Many studies in sleep study centers have shown that most of the people suffering from restless leg syndrome are found to have deficiency of folate and iron in their blood. In one of the studies conducted in a sleep center, the participants were given 75 mg extra iron three times a day and this was continued for three months. During this period a noticeable reduction in their symptoms has been obtained. If you are a person suffering from this disorder, it is better that you consult with a doctor in a sleep study MD center and get your iron level tested.

Folate is abundantly found in leafy vegetables like spinach, asparagus etc. It is also abundantly available in cereals like wheat. Liver, eggs, sunflower seeds, beans etc are also rich store houses of this nutrient. Including the above items in your diet will be helpful in reducing the symptoms.

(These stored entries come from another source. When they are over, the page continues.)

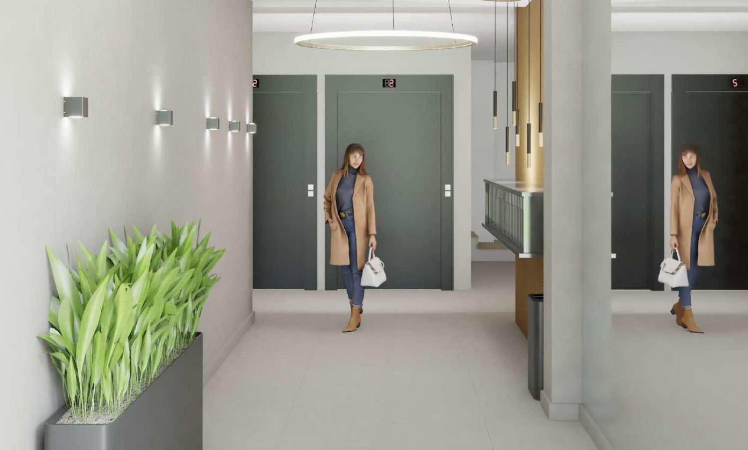 В здании:
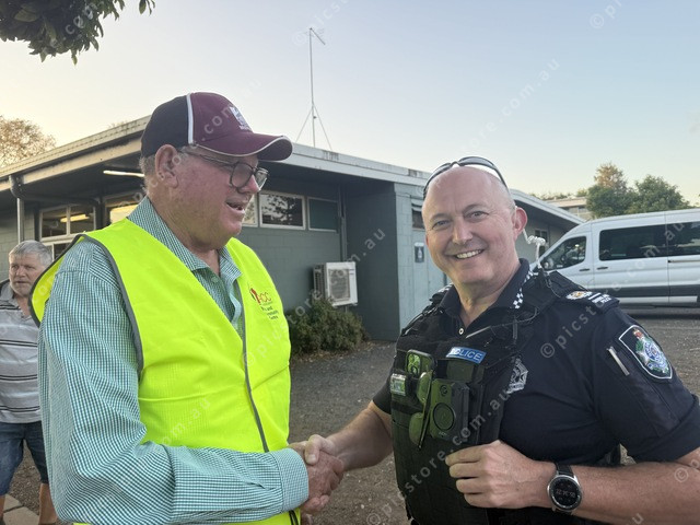 YACC president John Powell with Senior Sergeant Ken Murray at Beaudesert State High Schoo. (Larraine Sathicq: 504332_02)
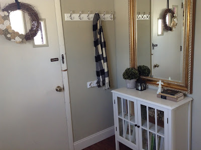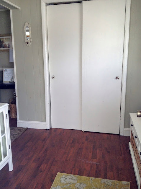 Below is the view from the threshold of the front door looking into the entry area. This is what anyone who comes to our door sees. Not super impressive. That closet straight ahead is unattractive but necessary. It holds all our winter gear, hats, purses, jackets, spare computer cords and cables, our ice cream maker, and vacuum, among other things. Converting it to something cute like this isn't really practical but I do love the idea of replacing the decrepit doors that are always coming off the track with something like this (I really love the idea of sliding barn doors too, but I'm not sure the space would accommodate them).
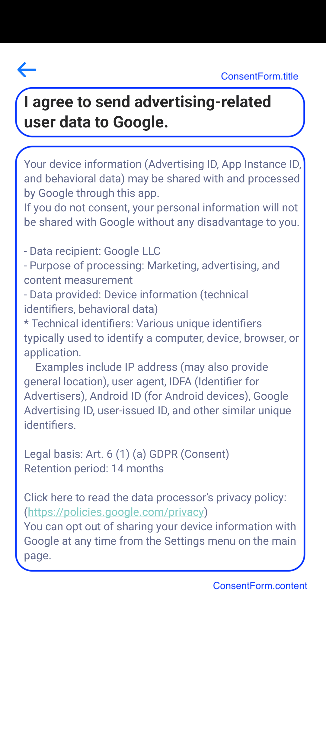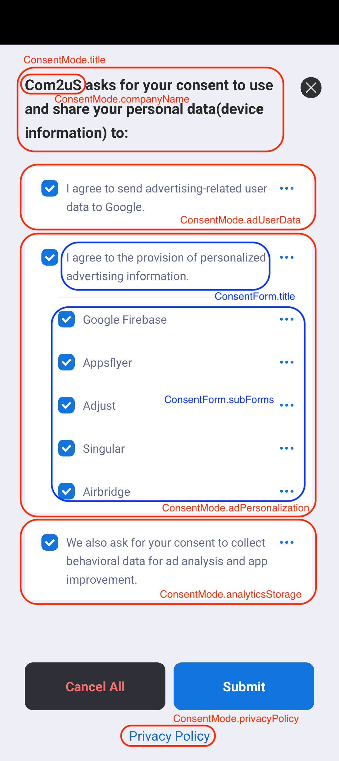ConsentMode.title: 顯示在同意橫幅頂部的文本。ConsentMode.companyName: 在顯示基本信息時,必須提供公司名稱,並在同意表單的標題和內容中設置。ConsentMode.privacyPolicy: 當按下同意橫幅底部的「隱私政策」按鈕時運行的 URL。ConsentMode.adUserData: 用於廣告用戶數據使用的同意項目 (ad_user_data)。ConsentMode.adPersonalization: 用於個性化廣告使用的同意項目 (ad_personalized)。ConsentMode.analyticsStorage: 用於分析和統計數據收集的同意項目 (analytics_storage)。 (目前僅支持「Google」)ConsentForm.id: 同意項目的唯一標識符。可以包括目的 (ad_user_data, ad_personalization, analytics_storage) 以及每個 MMP 廠商的個性化廣告目的 ("google", "adjust", "appsflyer", "singular", "airbridge")。ConsentForm.title: 同意項目的標題文本。ConsentForm.content: 同意項目的描述文本。ConsentStatus.id: 同意項目的唯一標識符。參考 ConsentForm.id 內容。ConsentStatus.granted: 同意項目的同意狀態值。當同意時為 Analytics.CONSENT_GRANTED,當拒絕時為 Analytics.CONSENT_DENIED。
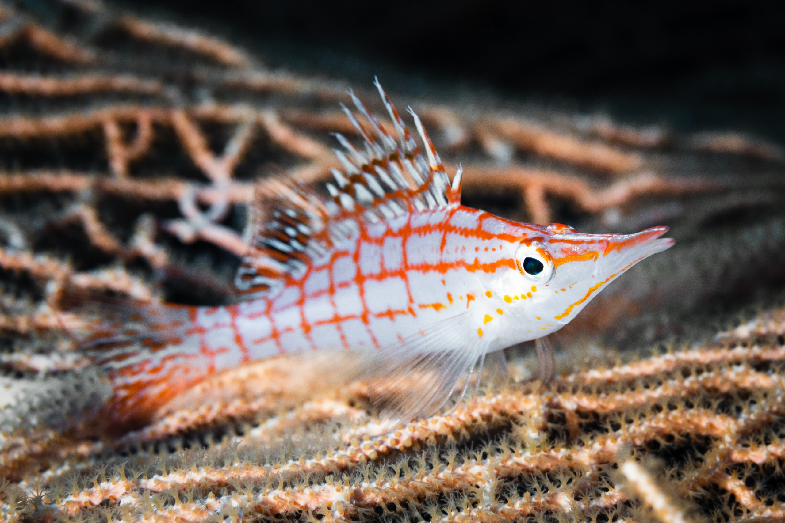 Als wir heute – um 6:30 – aufstehen, geht es mir schon viel besser und ich beschließe, zumindest den ersten Tauchgang zu versuchen. Wir sind bei Small Giftun (scheinbar ein bekannter Platz) bei Hurghada und betauchen die Police Station. Hier gibt es viele Gorgonien, in denen sich der unter Deutschsprachigen sehr beliebte Langnasen-Büschelbarsch (Lanabüba) versteckt. Und tatsächlich – auf ca. 26m finde ich einen! Zuerst versteckt er sich so unter der Gorgonie, dass ein Foto nicht möglich ist, doch nach kurzer Zeit kommt er kurz hoch und ich kann ein paar mal schnell abdrücken. Ich bin sehr glücklich und der Rest des Tauchgangs läuft entspannt mit einigen Muränen und auch einem Krokodilfisch.
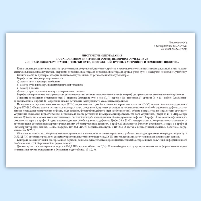 Книга записи результатов проверки пути, сооружений, путевых устройств и земляного полотна (форма ПУ-28) в Кызыле купить
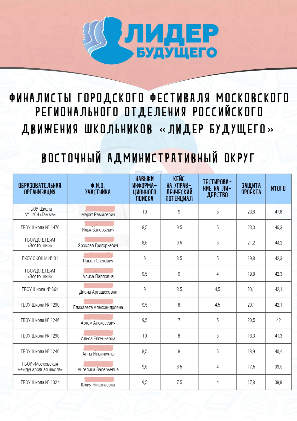 А мы поздравляем с выходом в первый городской финал «Лидера будущего» 23 конкурсанта из Восточного административного округа Москвы!
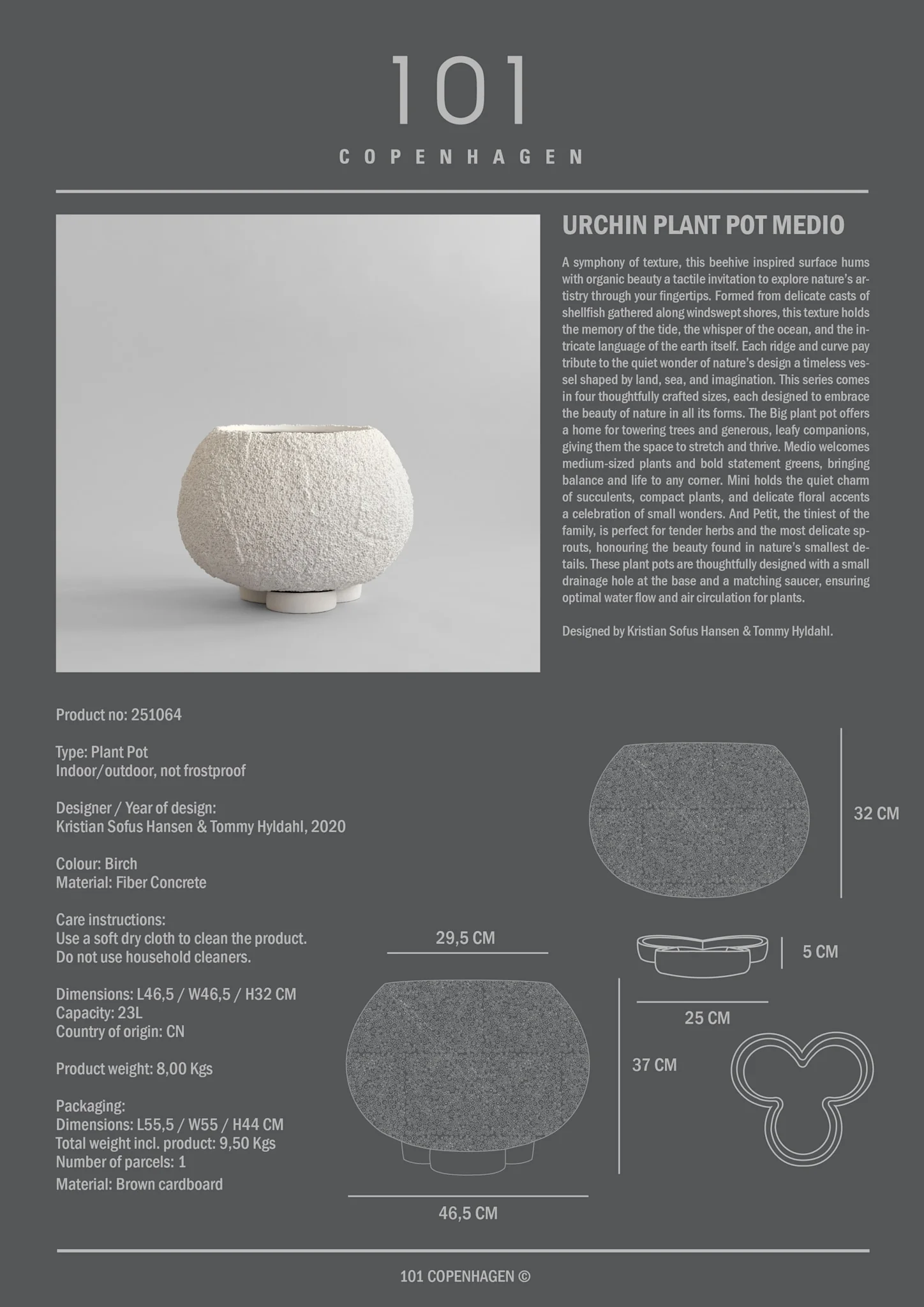 Inspired by the unique shape of a sea urchin, the Urchin collection features a large oval pot elegantly positioned on three characteristic legs. This innovative design reimagines the traditional plant pot saucer, incorporating a waterproof base that captures excess water while allowing your plants to breathe. Each plant pot showcases our distinctive Beehive texture, highlighting a tactile and organic surface. Crafted from casts of shellfish found along the shore, the Urchin vases are a celebration of nature and the beauty of time standing still. The Urchin collection is available in four sizes, with each piece consisting of a plant pot and a matching saucer. Both components are waterproof, and a small drainage hole in the bottom of the pot ensures optimal water and air flow for your plants. Designed by Kristian Sofus Hansen & Tommy Hyldahl.
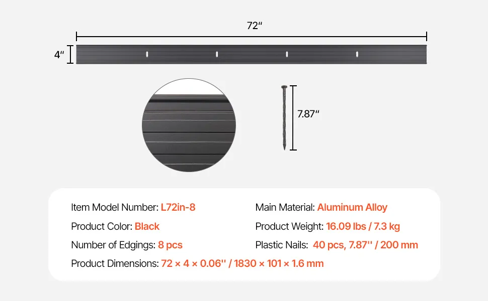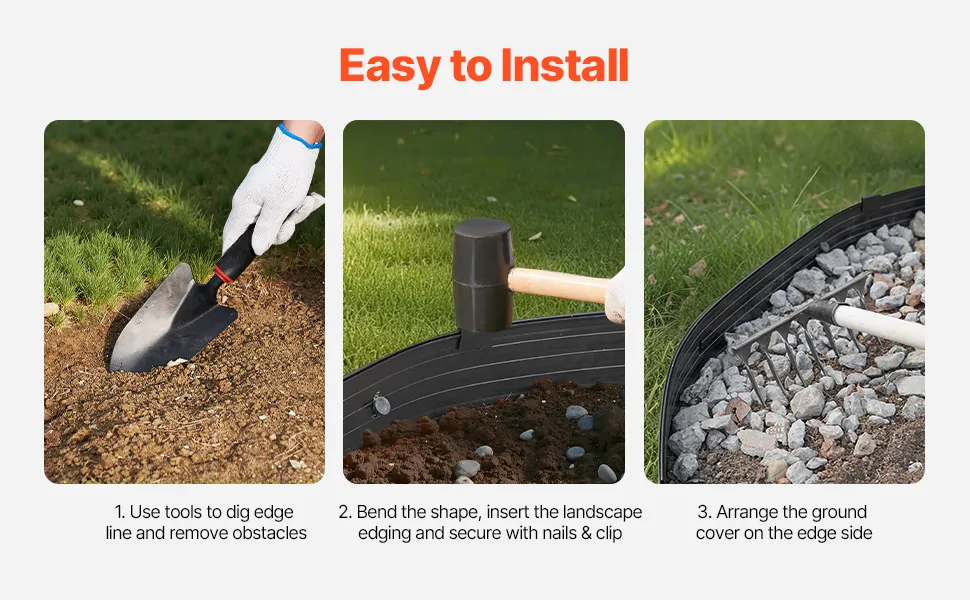 Installazione semplice: installare la bordatura del tuo paesaggio è un gioco da ragazzi. Fissa semplicemente ogni pezzo con i chiodi inclusi e morsetti aggiuntivi per una maggiore stabilità. Non sono richiesti utensili specializzati per l'installazione.
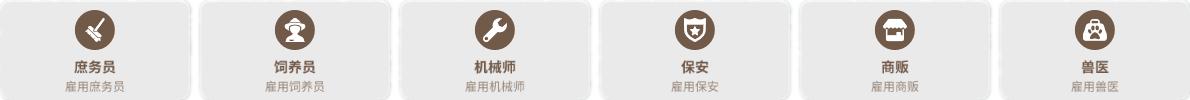 庶务员(保洁员)负责清理园区垃圾,饲养员负责栖地的清洁和动物喂食,兽医负责治疗动物伤病和研究动物所喜好的丰富化项目,工程师则负责维修栖地的围栏和维修设施研究。
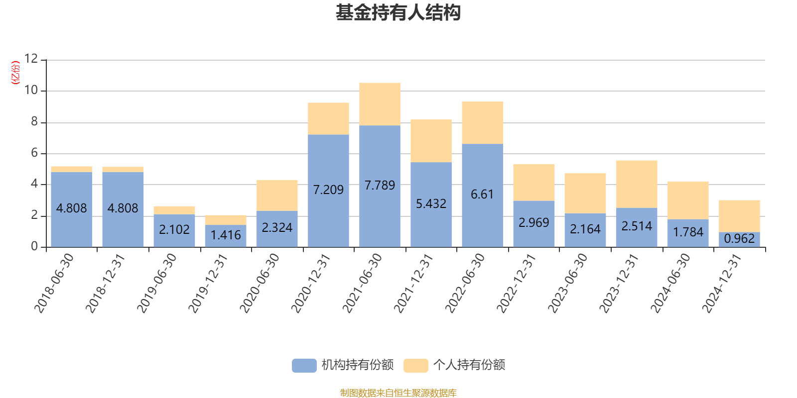 截至2024年12月31日,基金持有人共计4.89万户,合计持有3亿份。其中管理人员工持有135.66万份,占比0.45%,机构持有份额占比32.12%,个人投资者占比67.88%。
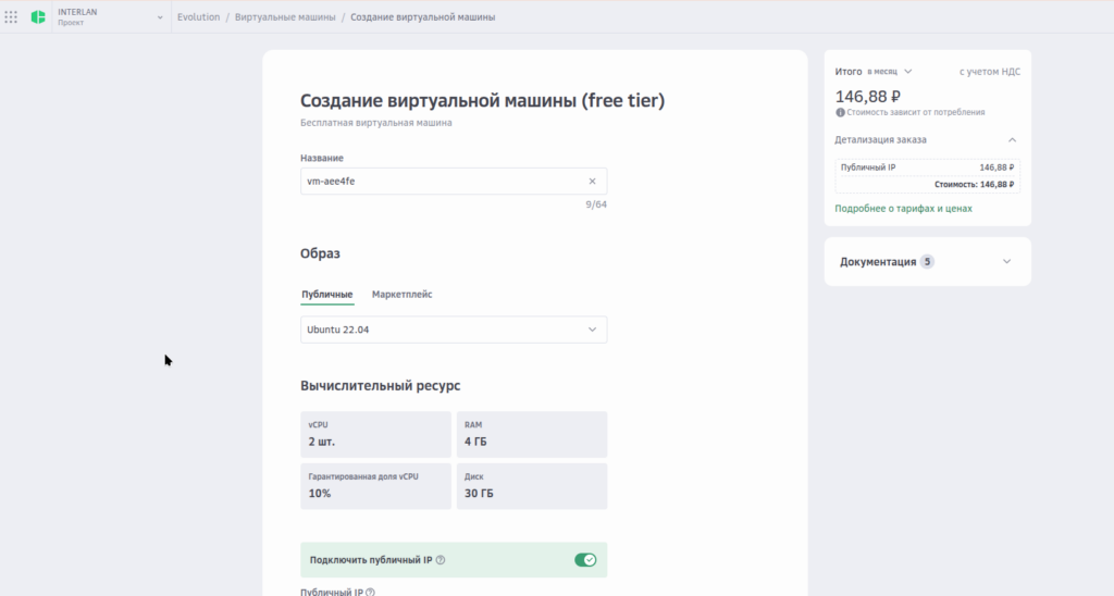 Одной из особенностей Cloud.ru Evolution является наличие FreeTier виртуальных машин и можно создать одну VM на аккаунт. По ресурсам получается очень даже неплохо по сравнению с такими же микро VM у других провайдеров. Из минусов, внешний статический адрес все же стоит денег, что и понятно.

Another easy method to relieve the symptoms of RLS is to promote the flow of blood to the legs.  Engaging in physical activities like walking, running etc. has been found to be very good in increasing the blood flow through legs. Exercises also have been very good in increasing the blood flow to legs and keep the symptoms under control.

Importance of life style changes in treating RLS cannot be underestimated. There are many elements that can contribute to the decrease in symptoms of RLS. Avoiding such elements is one important thing a patient has to follow to reduce   escape from this disease. Drinking caffeine and smoking tobacco products can decrease the blood flow.  So such bad habits have to be avoided as part of life style changes to escape from the severity of the symptoms of RLS.